The advantage of the MapReduce framework is the ability to run mapper and reducer tasks in parallel in the cluster, how to determine the number of mapper and reducer, or how to programmatically control the number of mapper and reducer that the job starts? In the mapper and reducer of the Hadoop-2.4.1 study, it was mentioned that the number of recommended reducer is (0.95~1.75) * Number of nodes * Maximum number of containers per node, and method Job.setnumreducetasks can be used (int ), the number of mapper is determined by the size of the input file, and there is no corresponding Setnummaptasks method, but can be set by Configuration.set (jobcontext.num_maps, int), The value of Jobcontext.num_maps is Mapreduce.job.maps, and the description of the parameter on the official Hadoop website is subtly interactive with the MapReduce framework and job configuration, and is more complex to set up. From such a vague words can not know exactly how to determine the number of mapper, obviously can only resort to source code.

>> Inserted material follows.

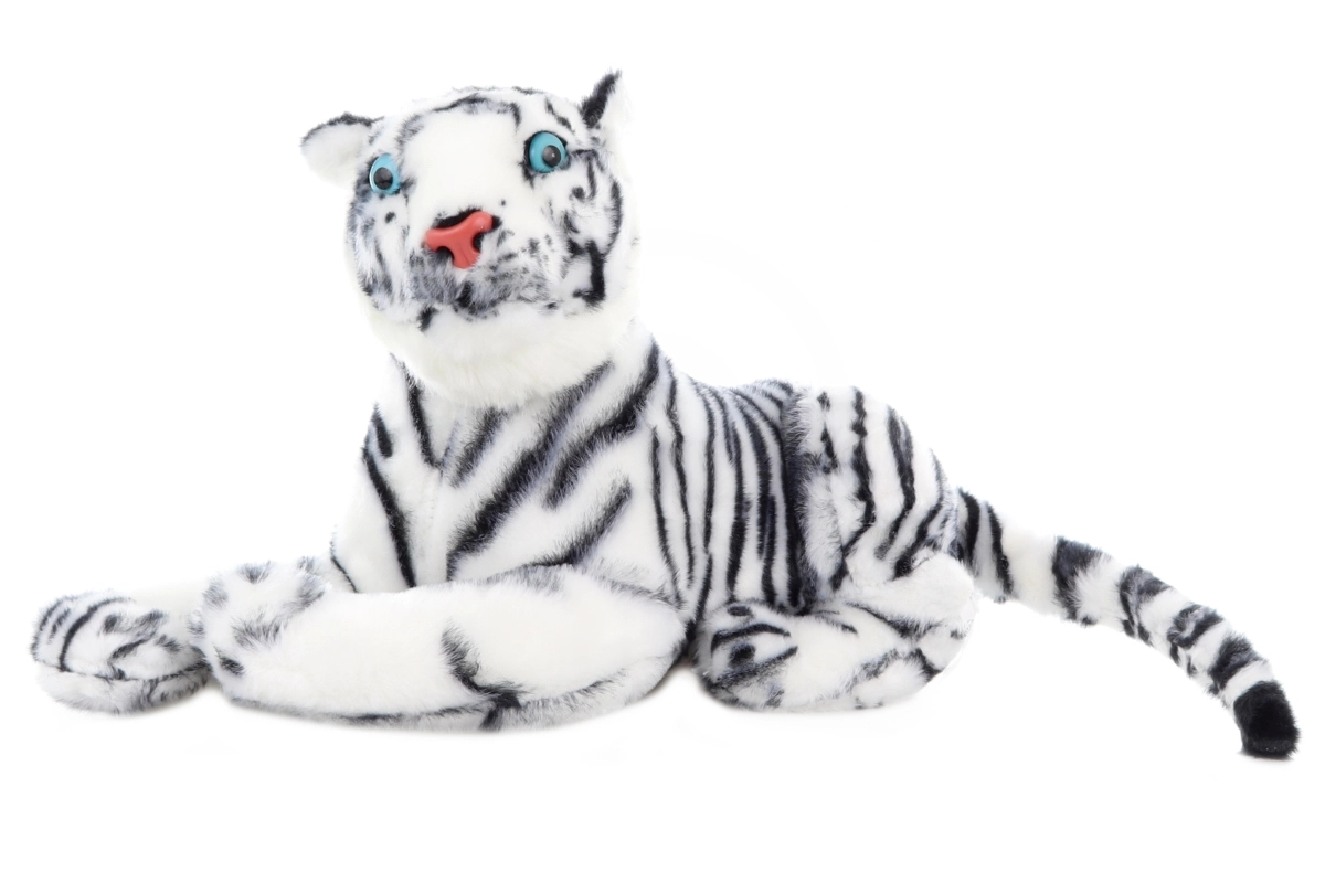 Atklājiet baltā tīģera burvību mīkstajā rotaļlietā. Šis lielais mīkstais rotaļdzīvnieks 57 cm garumā ir izgatavots no patīkama, mīksta materiāla, kas aicina pieglausties. Pateicoties neitrālajām krāsām, tas iederēsies jebkurā bērnu istabā un iepriecinās gan bērnus, gan vecākus.

In Hadoop, the MapReduce job submits a job to the system through the submitjobinternal (Jobjob, Cluster Cluster) method of the Jobsubmitter class (this method not only sets the mapper quantity, Also performed some other operations, such as checking the output format, interested can refer to the source code, in this method with the setting of mapper related code is as follows:
int maps = Writesplits (job, Submitjobdir); Conf.setint (mrjobconfig.num_maps, maps); Log.info ("Number of splits:" + maps);
Method Writesplits Returns the number of Mapper, the source code for the method is as follows:
private int writesplits (Org.apache.hadoop.mapreduce.JobContext job,path jobsubmitdir) throws IOException, Interruptedexception, classnotfoundexception { jobconf jconf = (jobconf) job.getconfiguration (); int maps; if (Jconf.getusenewmapper ()) { maps = writenewsplits (job, Jobsubmitdir); } else { maps = Writeoldsplits ( Jconf, Jobsubmitdir); } return maps; }
In this method, depending on whether a new version of Jobcontext is used and a different method is used to calculate the number of mapper, the reality is that Jconf.getusenewmapper () will return true, so writenewsplits (job, JOBSUBMITDIR) statement, the source code for the method is as follows:
Configuration conf = job.getconfiguration ();inputformat<?,? > input = Reflectionutils.newinstance (Job.getinputformatclass (), conf); List<inputsplit> splits = input.getsplits (Job); t[] Array = (t[]) Splits.toarray (new Inputsplit[splits.size ());//Sort the splits into order based on size, so, the B iggest//go firstarrays.sort (array, new Splitcomparator ()); Jobsplitwriter.createsplitfiles (Jobsubmitdir, Conf, Jobsubmitdir.getfilesystem (CONF), array); return array.length;
The above code can be learned that the actual number of Mapper is the number of input shards, and the number of shards is determined by the input format used, the default is Textinputformat, the class is a subclass of Fileinputformat. The task of determining the number of shards is done by Fileinputformat's getsplits (Job), which adds Fileinputformat inherits from the abstract class InputFormat, which defines the input specification for the MapReduce job. The abstract method list<inputsplit> Getsplits (Jobcontext context) defines how the input is split into inputsplit, and different inputs have different separation logic. Each inputsplit that is separated is processed by a different mapper, so the return value of the method determines the number of mapper. The following will be divided into two parts to learn how the method is implemented in Fileinputformat, in order to focus on the most important part of the log output and other information will not be introduced, the complete implementation can refer to the source code.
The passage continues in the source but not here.